Patient's often come into our Boulder Physical Therapy practice with heel lifts based on a previous clinician's assessment and resulting intervention for a "short leg".  Side Note: We will leave the ridiculousness of SI and pelvic asymmetries or functional leg length discrepancies for another post.  There are two main errors with this reasoning first and foremost all clinical tests have significant false positives and negatives limiting their ability to find a truly short leg.  Second, static measurements, including leg alignment, have not been shown to significantly impact running injuries.  The majority of us have small differences in leg length but how much do these differences impact running injuries?
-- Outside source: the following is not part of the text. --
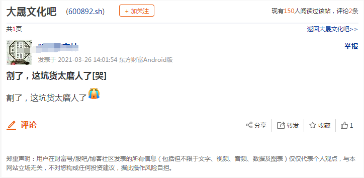 针对这两日股价上蹿下跳,股吧网友们纷纷留言。有网友心态崩溃,称,“割了,这坑货太磨人了,哭”,还有网友称,“下周一继续跌停!”。

A recent study in the International Journal of Sports Physical Therapy both described the incidence of leg leg differences and examined the impact of these differences on running injuries (Rauh et al. 2018).  Authors screened 322 high school cross country athletes for leg leg differences and then followed them to determine if these differences increased the risk of lower body injury during the upcoming season.  The authors found 1 in 5 runners had a significant difference in leg length, but these differences were not associated with future injury risk.  One exception was found in athletes with a leg leg discrepancy of > 1.5 cm who were 7 times more likely to experience an injury than an athlete without a significant leg length difference. 

This study highlights and supports our clinical practice of removing more lifts than we put into a runner's shoes.  Small differences should be accepted and left alone while large differences, > 2 cm, should be lifted on an individual basis. 

 

Is running volume or intensity more to blame for injury?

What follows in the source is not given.